STORIES From SUSSEX
The Marvellous Thomas Brassey
Thomas Brassey
Catsfield, Sussex
There is perhaps hardly a developed country in the world which does not
owe something of its progress to Thomas Brassey. The energy, character,
and probity of six centuries of yeoman ancestry burst into flower in his
career. He was born at Buerton, Cheshire, into a world which travelled by
coach and wagon; before he died he had seamed half the world with railways.
He began by constructing the Grand Junction railway, and at a bound had
three thousand men under him on the four-million pounds undertaking that
brought the line to London. Extending his operations north, south, east
and west, he crossed the Channel, to give France her railway between Paris
and Rouen, and soon had five other railways proceeding there simultaneously.

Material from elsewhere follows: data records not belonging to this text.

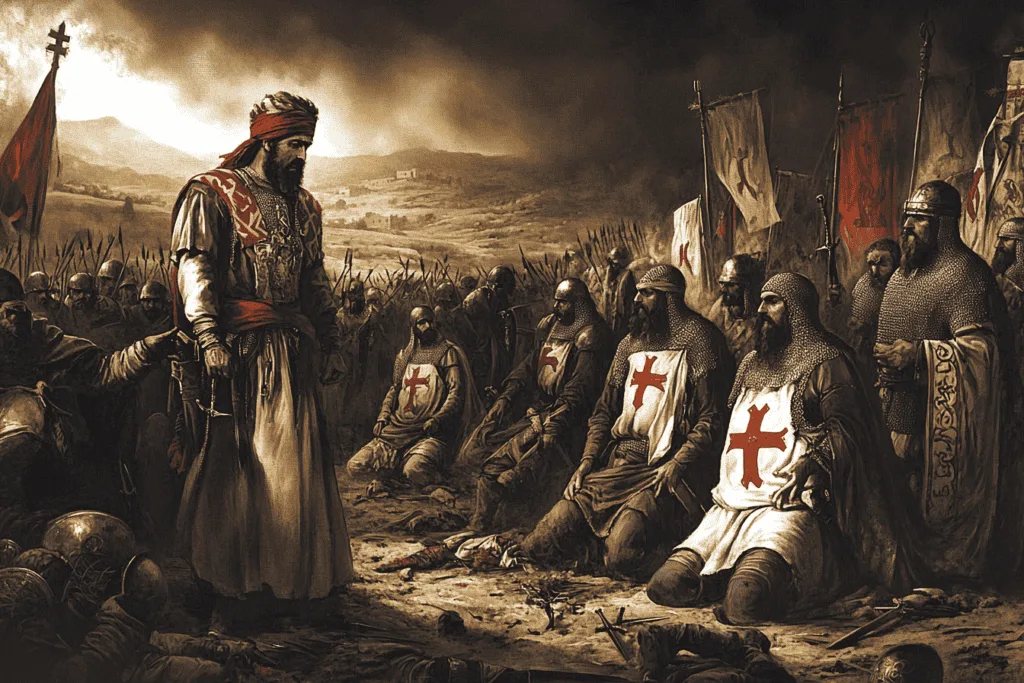 Overwhelmed by thirst, exhaustion, and the relentless attacks of Saladin’s forces, the Crusader army collapsed. By midday, the battle was over. King Guy and the surviving nobles surrendered, while thousands of foot soldiers were slaughtered or enslaved. In the final stages of the battle, Saladin’s forces captured most of the Crusader nobility, including King Guy of Lusignan and Raynald of ChĆ¢tillon.
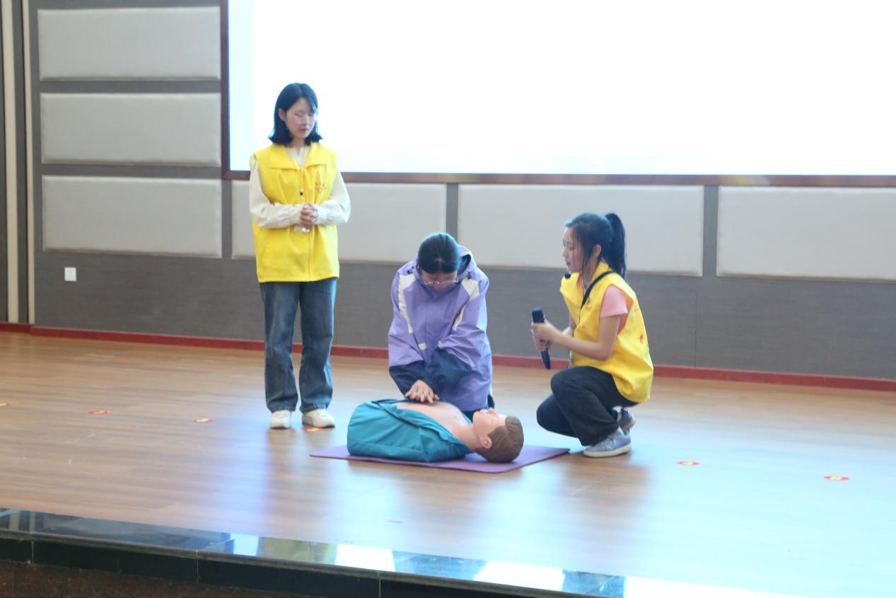 培训会现场,志愿者们娓娓道来,向同学们普及在什么情况下需要拨打120?如何正确的与医生沟通?心肺复苏法的正确操作步骤?此外,志愿者们现场演示心肺复苏法、开放气道、人工呼吸、AED正确使用方法以及海姆立克急救法。志愿们用专业且通俗易懂的讲解为同学们展现了一场意义非凡的急救技能与知识培训。理论促实践,实践出真知。为使同学们更加直观的掌握急救要领,志愿者们利用CPR假人模型现场进行了应急救援技能演示,现场与同学们进行互动,手把手指导操作技能,模拟救护,发现问题解决问题,在志愿者的指导帮助下,同学们在实践中逐渐熟练急救操作技能。
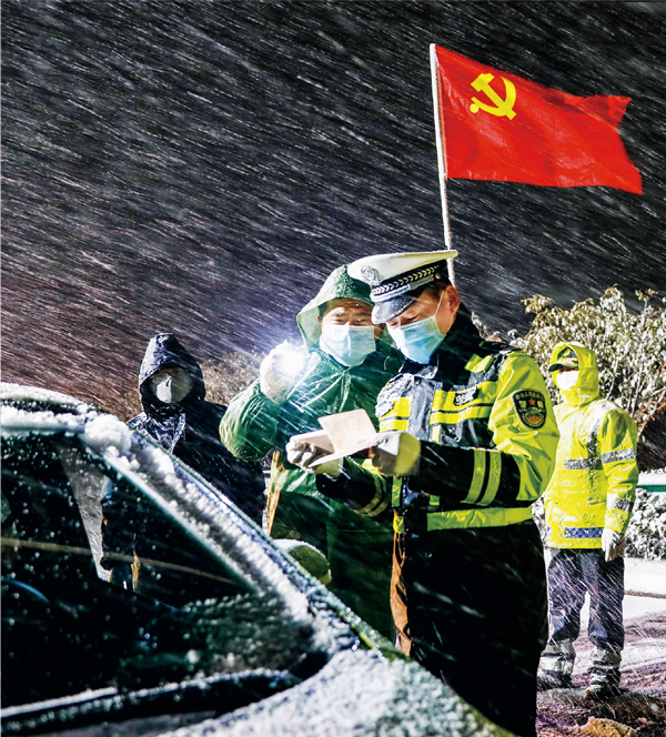 新冠肺炎疫情发生后,安徽省合肥市庐江县公安、交通、医疗卫生等部门联手作战,严把车辆人员入口关。图为2020年2月15日夜,公安民警冒着严寒在风雪黑夜里坚守疫情防控岗位,甘做人民群众的安全“守夜人”。 中新社 左学长/摄
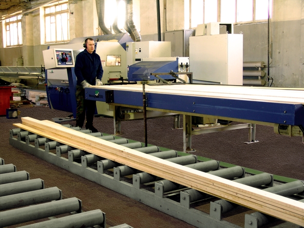 Строгальное отделение – деление, предварительная калибровка и строжка пиломатериалов. Основное технологическое оборудование – многопильный станок Raimann – ProfiRip KM 310, делительный станок Waco - BKL-Twin, гидромат Weinig - Н 22B (скорость подачи 120м/мин.), два гидромата Weinig - Н2000 (скорость подачи 80м/мин.)
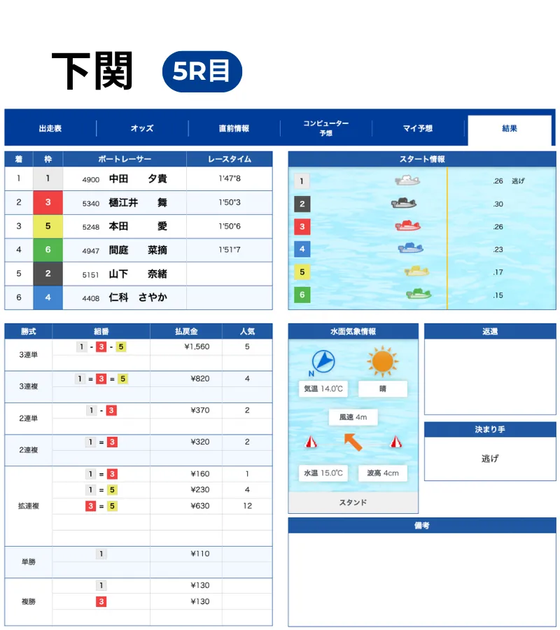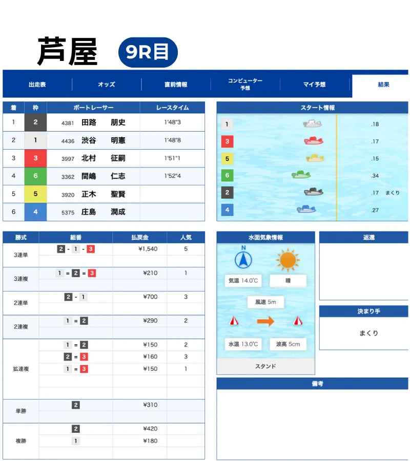 ※結果データは、BOATRACE 公式結果を元に確認しています。
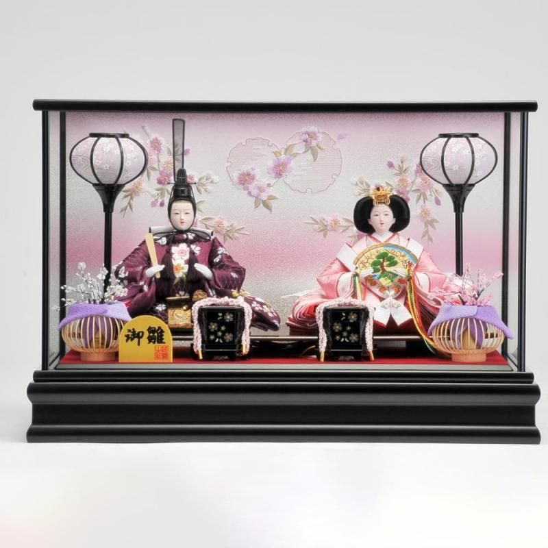 お人形にホコリが付かず出し入れ、仕舞い込みも簡単なケース飾りです。ケースに人形などが固定されています。
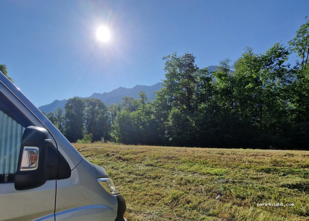 Seule la moitié droite du parking est interdite la nuit, pas la moitié gauche. Les flèches sur les panneaux de chaque côté de la zone limitée sont très explicites. Pistes cyclables en été, pistes de fond en hiver. Lieu très calme mais bruit du torrent et du train de temps en temps. Balade canine sur la route sans issue.
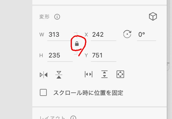 写真のサイズのところの鍵を外してBOXの大きさを変更してしまいました。写真の比率が少し変わってしまったと思い確認したかったのですが他のソフトのように縦横比を%で表示してくれる場所を見つけられませんでした。どこで確認できるでしょうか。
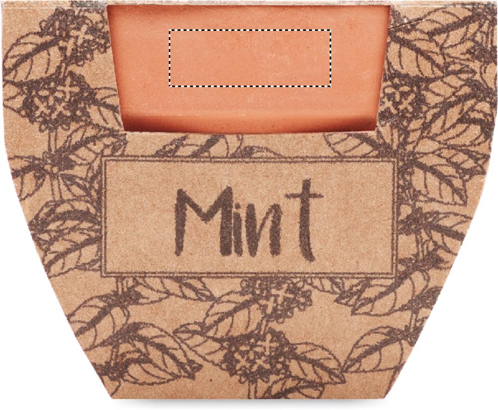 Небольшой глиняный терракотовый горшок с семенами мяты и землей для проращивания. Изготовлено в ЕС.
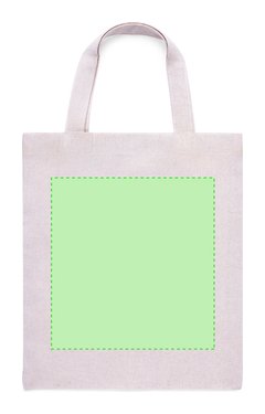 Bolsa fabricada en algodón 100%, de acabado natural y en 120g/m2. De acabado cosido y con asas cortas reforzadas (30 x 2,5cm). Resistencia hasta 5 kg de peso.
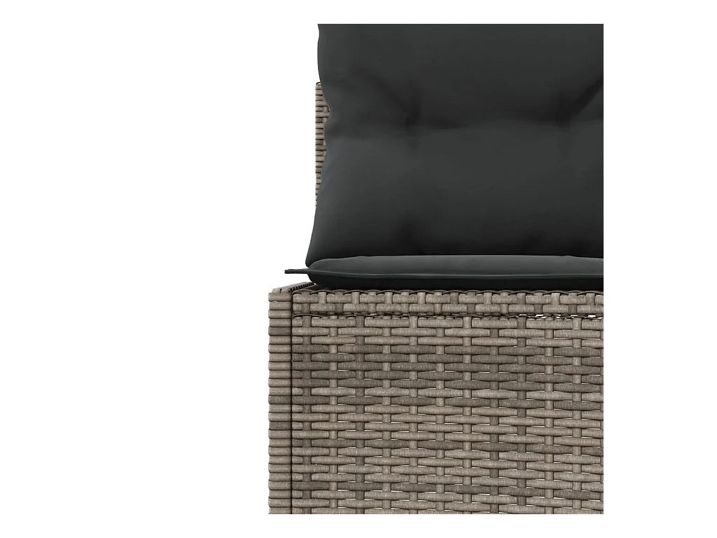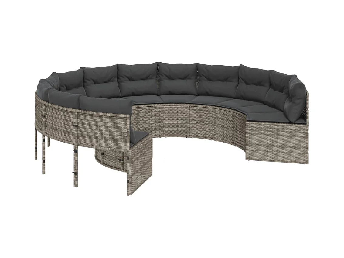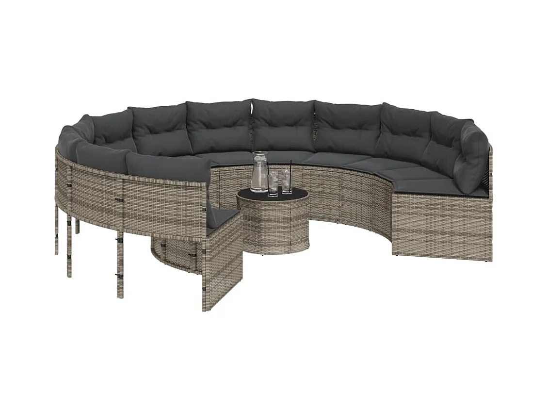 Sofá de jardim com mesa redonda de almofadas de resina tecida cinza

From the outset he set a high standard in material and workmanship, employed
the best men, and paid high wages. In France, however, in spite of his passionate
protests, inferior methods and material for the great Barentin viaduct of
27 arches led to a collapse of the structure. The highest legal opinion
in France was unanimous that he was exempt from liability, but Brassey,
proud, sensitive, and conscientious, shouldered the responsibility at a
cost of £37,000 to his own pocket.
All Europe clamoured for Thomas Brassey, and he responded with railways
in France, Italy, Holland, Prussia, Spain, and Austria. Speaking no tongue
but English, he found foreign intercourse no impediment. He was a superb
diplomatist, equally at ease and trusted by the heads of States as by the
armies of workmen who worshipped him. So great was the confidence reposed
in him that he was permitted to complete his railway in Austria while war
with that country was in progress.
Still his capacity and generous ambition were inexhausted. He extended
his operations to India, Australia, and Canada, where (greatest of all his
works) he built the Grand Trunk Railway. At home he was responsible for
great feeders for his enterprises abroad, docks, mines, ironworks, all busy
and important, and in themselves sufficient to tax the resources of an ordinary
man, but with him subsidiary to the building of his railways for the outer
world.
His motto was punctuality, with efficient workmanship and good durable
material. Immense profits accrued from enterprises so vast and various,
but he continued a modest man, unspoiled by prosperity. He had 75,000 men
at a time under his control, men of all nationalities, and he handled them
with such solicitous fairness and goodwill that they served him with fervour
and loyalty.
We must count him a very great Englishman.